He is a professor at HDK-Valand – but without Gothenburg and its academic setting as his workplace. Hild’s professorship and teaching at HDK-Valand’s branch campus in Steneby rest on experience and the importance of making, which are also the foundation for the test environment for interior and industrial design he is developing on the Steneby Campus.
Torsten Hild has left the forests of Dalsland for some meetings and to take care of the business of linking together HDK-Valand’s programmes in Steneby with the main institution in Gothenburg. He decides that the good weather will hold long enough to sit outside and have a lunch omelette while simultaneously explaining that a pancake has multiple sides.
‘Purely cognitively and theoretically, a pancake is its constituent parts: flour, milk, egg and a little salt.’ he says. ‘But if you want to describe it based on experience and perception, you might perhaps say that it is hunger, longing or maybe even your childhood or your grandmother. That turns the pancake into something much larger and more interesting.’
The question is what pancakes have to do with being a professor of furniture design. Quite a lot, as it turns out. Throughout Hild’s entire career, both as an interior architect and as a teacher at HDK-Valand, he has been building knowledge and conveying it with experience and perception as his foremost tools.
‘At the Steneby Campus, we have developed a working method that is distinct from a conventional design process,’ he says. ‘Instead of focusing on theoretical research and analysis, we go into the workshop at a much earlier stage and engage the body in the research effort. We let the material react and guide how we act.’
Learning with the Body
The method builds on teaching theories in which making is central to the construction of knowledge. Through the body and its perceptions, we can build experience and knowledge that go beyond the cognitive. ‘You could say that we “think with our hands” and get from it what is sometimes called tacit knowledge, since it cannot necessarily be defined in words,’ says Hild.

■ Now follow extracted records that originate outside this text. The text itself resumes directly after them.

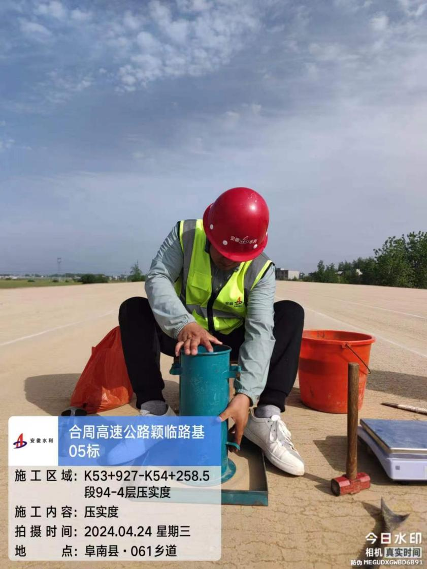 郭彬,合周高速公路潁臨段路基05標(biāo)工地試驗(yàn)室主任,為跟進(jìn)施工方工作進(jìn)度,提升檢測(cè)質(zhì)量和服務(wù)水平,身著防曬服和安全背心,頭頂安全帽,不懼正午的太陽(yáng)和紫外線的沖擊,正在科學(xué)嚴(yán)謹(jǐn)?shù)剡M(jìn)行壓實(shí)度試驗(yàn),為合周高速潁臨段路基05標(biāo)項(xiàng)目的建設(shè)提供質(zhì)量安全保障。
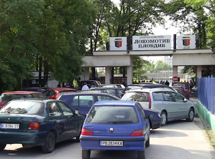 Сайтът plovdivderby.com предава, че входът е блокиран от близо 30 автомобила. Както е известно, днес Емил Велев трябваше да изведе "смърфовете" за първа тренировка.
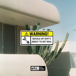 Warning, Buckle Up Shit's About To Get Real Sticker
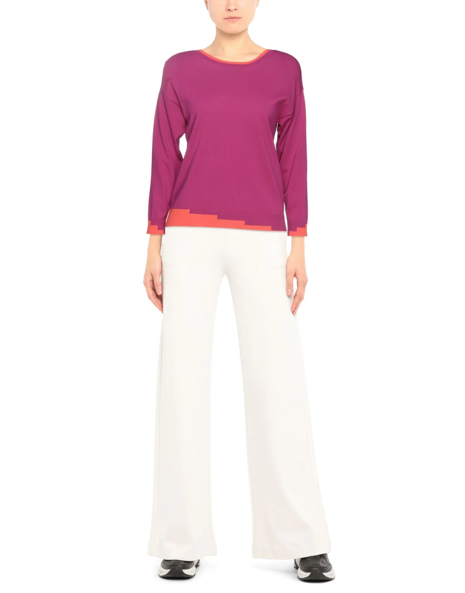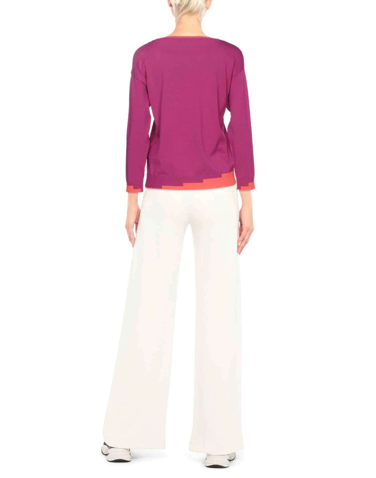 knitted, lightweight knit, brand logo, two-tone, round collar, long sleeves, no pockets

He has always been interested in processes and how they are structured. He earned a degree in interior design at HDK-Valand and worked for several years at different architecture firms before starting his own studio, which gave him a chance to delve deeper into working methods. He noticed that the construction process was dysfunctional and began wondering about how they planned and conducted their projects. The result was that they started investing much more time in preliminary studies. By allowing the beginning of the process to take time, he could increase the chances that all stakeholders would come to share the same vision of the project goal. And in the end, that saves both time and money.
Hild’s method attracted interest across the university, and HDK-Valand offered him a professorship.
After five years of teaching and academic advising of students in the master’s programme in master's in Applied Arts specialisation in Wood Oriented Furniture Design, Hild’s professorship is now taking a new direction. With roots in the significance that the process and the making have for knowledge, he is working to establish a test environment for sustainable production and consumption in the field of interiors and furniture.
Test Environment for Sustainable Development
‘We have been given a grant from the Västra Götaland Region,’ Hild explains, ‘to form an organisation with representatives from different design institutions, such as the Swedish School of Textiles in Borås and the Nässjö Wood Centre. Together we appeal to the business community and offer companies a chance to explore ideas that can contribute to their development in a sustainable direction. These companies choose questions for us to explore, and we put together a team of experts.’
This team will have access to newly constructed workshops, project managers, process leaders and technicians on site on the Steneby Campus. The test environment, which is funded by the Swedish Agency for Economic and Regional Growth, appeals primarily to small and medium-sized companies, which don’t always have the resources required for changing course.
Torsten Hild leans back in the hard café chair, happy to have decided to sit outdoors. Then he talks about why he’s enjoying himself at Steneby. ‘It’s isolated out there in the countryside,’ he says, ‘surrounded by beautiful nature, and with a tempo that’s different from life in the city. The environment fosters focus and a form of creativity born from the fact that you can’t just go and buy or take care of whatever you might need.’
HDK-Valand’s programmes on the Steneby Campus attract a high proportion of foreign students. According to Hild, there are many reasons for this. One is just the place, which is often perceived as exotic. Other reasons are the programmes’ unique concentrations and the fact that the notion of Scandinavian design is still attractive.
This autumn, the Steneby Campus will be reasserting its place on the design map when the test environment officially opens and becomes a national centre of expertise in interior and furniture design. At present, the driving force is sustainability, but Hild can see other aspects that will eventually have important places in the test environment.
‘Practical making has also been shown to be good for our health,’ he notes. ‘There are lots of questions and ideas to explore in which making, interior architecture and furniture design can contribute to our well-being.’
By Åsa Rehnström
More about the test environment
The project to start a test environment within wood for the furniture and interior design industry is owned by Mötesplats Steneby, in collaboration with HDK-Valand Campus Steneby.
Mötesplats Steneby is a collaboration hub, an idea developer and generator for the creative and cultural industries in Dalsland, commissioned by the Västra Götaland regionen.